Before Frazer, C. J., Simpson, Kephart, Schaefer, Maxey, Drew and Linn, JJ.
Frank J. Thomas and Albert L. Thomas, for appellants.
Alexander B. Jobson, with him Edmond O. Breene, for appellee.

Opinion:
Opinion by
Mr. Justice Kephart,
Appellants, Connell and Laub, and appellee, Bracht, in 1921 associated themselves by parol agreement as general partners under the firm name of Connell, Laub & Bracht, for the purpose of carrying on a road construction business. Between 1922 and 1925, contracts involving more than two million dollars were obtained and completed in Pennsylvania, and much work was done in other places. In the year 1925, contracts involving more than $650,000 were procured in the name of and completed by the partnership.
In the early part of 1925, appellants and appellee began to draw apart — differences arose; it was more difficult to secure common effort. Questions as to whether bids were to be made in the name of the partnership or for the advantage of a single partner were raised. The partnership had become irksome.
About August 1, 1925, appellants, without the knowledge of appellee, but with the use of firm funds, bid upon and obtained a large contract in West Virginia for building a hard surfaced road. When appellee learned of this, he insisted that it belonged to the partnership, but •appellants refused him any participation therein. On August 10, 1925, after a conference, the partnership theretofore existing was dissolved by verbal notice from appellants to appellee. Appellants wanted a division of the partnership equipment and assests, and the next day the partners met and divided all the equipment among themselves except that necessary, to complete other jobs (Clarion and Crawford Counties) then under contract. Later the equipment used there was divided, but at no time was there a full distribution of other assets of the firm. Checks, however, were drawn on firm funds to then equalize the accounts, and it was agreed that as other funds came to hand, sufficient should be retained to meet any obligations arising out of the Clarion and Crawford County road contracts, and the balance should be divided equally among the partners. In this way some $30,000 belonging to the partnership was procured by appellee, and not divided though de posited in the name of the former partnership and for its benefit.
Appellants, from and after August 10th, proceeded to perform the contract for the construction of the road in West Virginia.

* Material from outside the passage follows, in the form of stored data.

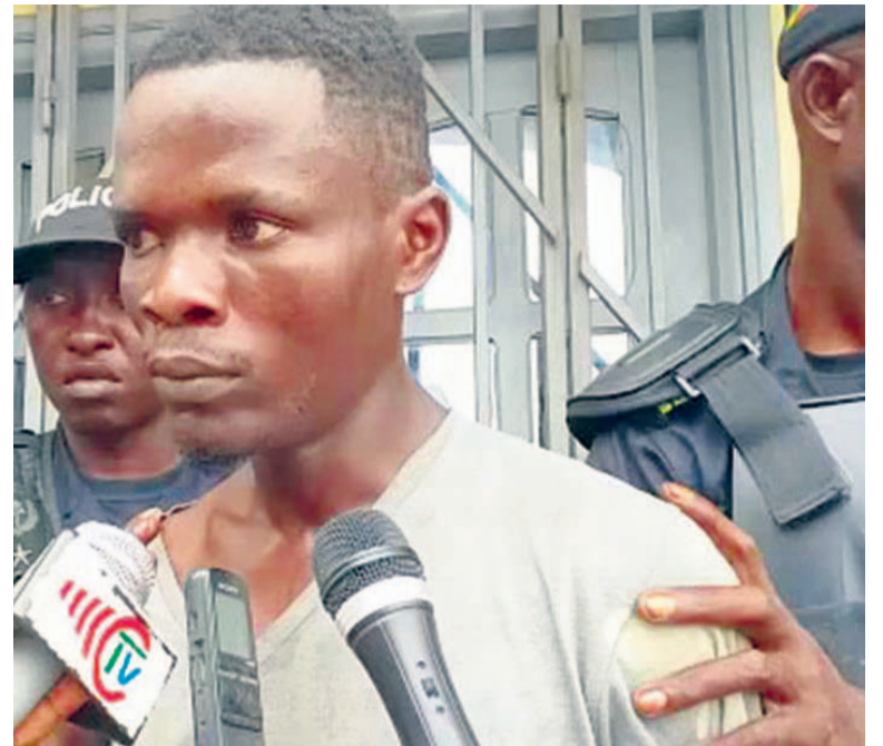
Le présumé assassin explique les faits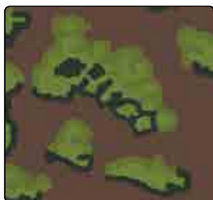
FOGLIA DI QUERCIA (PRIMAVERA)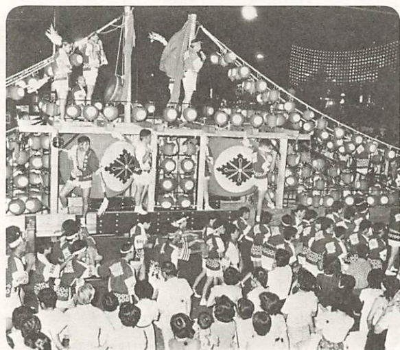
△揺れ動く熱気、商店街は光のアーチ

青少年の健全育成を願って、「大内子ども会フェスティバル」が8月18日、公民館で開かれた。手づくりみこしコンクールや親子歌合戦、盆踊り大会などの催し物に、家族連れなど多くの人出でにぎわった。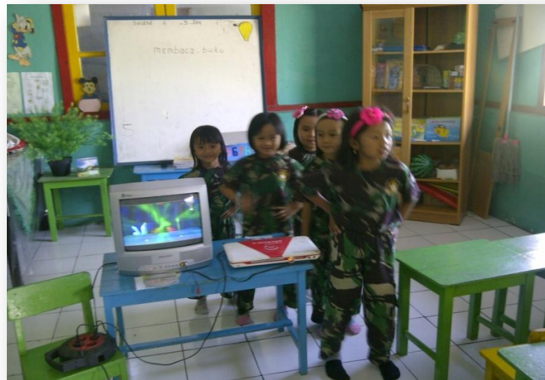
Anak-anak Bernyanyi Sambil Menari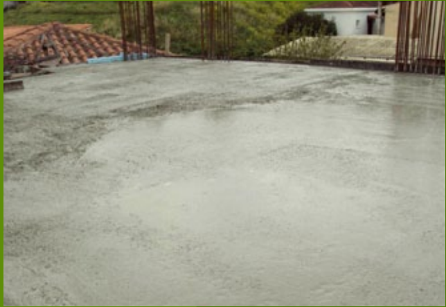
Σκυροδέτηση άνω πλάκας - ισόγειο- 25n ΕΒΑ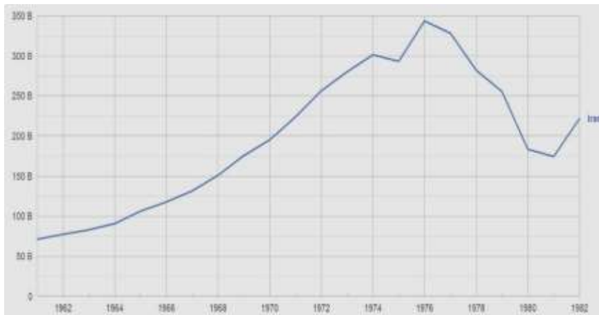
نمودار شماره ۳. تولید ناخالص داخلی ایران بر اساس دلار ثابت سال ۲۰۰۰ (۱۹۶۰-۱۹۸۲) میلیارد دلار

Source: https://www.google.com/publicdata/explore , (2019)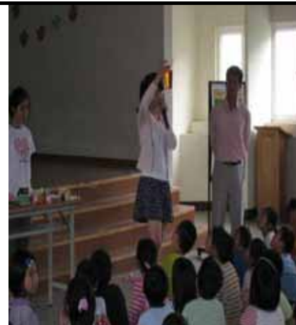
說明：蔬果汁已經調配完成。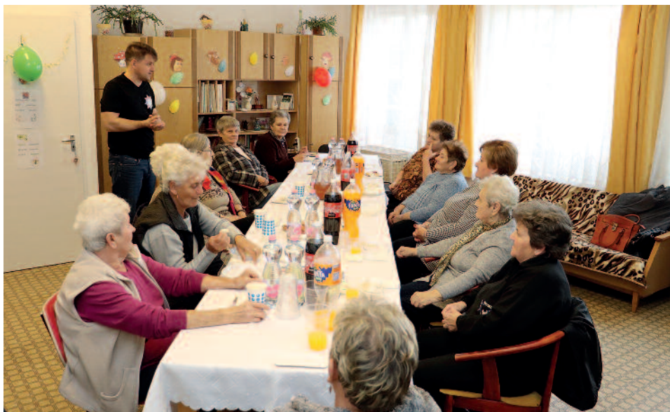
Igazi családi hangulat uralkodott az eseményen.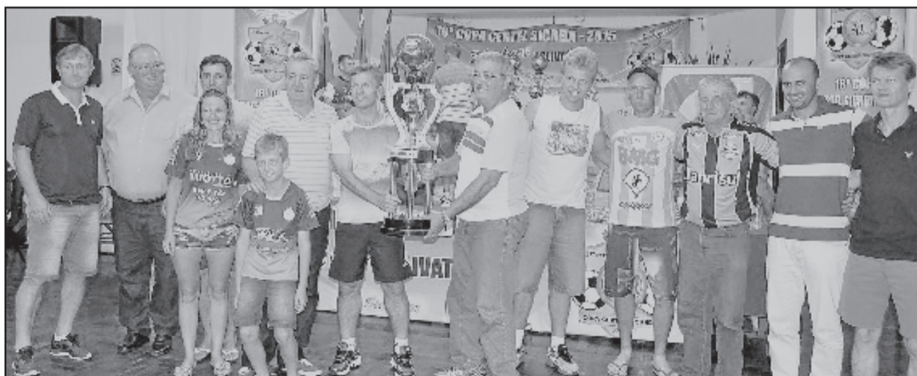
Juventude de Linha Frank, de Teutônia, campeão dos Veteranos, campeão da disciplina e destaques individuais

Ocorreu na noite de quinta-feira, dia 17, a cerimônia de premiação do 30º Campeonato Regional organizado pela Associação de Ligas do Vale do Taquari (Aslivata). A 18ª Copa Certel Sicredi em 2015 homenageou os 30 anos da Aslivata. O evento ocorreu no Clube dos 15, em Lajeado, e contou com a presença de autoridades, clubes e imprensa.

Their consistent refusal to permit appellee to have any part in the work or the prospective profit to be realized, precipitated the present controversy. On appellee's bill for accounting the chancellor decreed that the West Virginia contract was an asset of the old partnership and appellee was entitled to an accounting and a distribution of a proper proportion of any profits therefrom. An accounting was made of this and other contracts not settled prior to August 10th. The result being adverse to appellants, this appeal followed.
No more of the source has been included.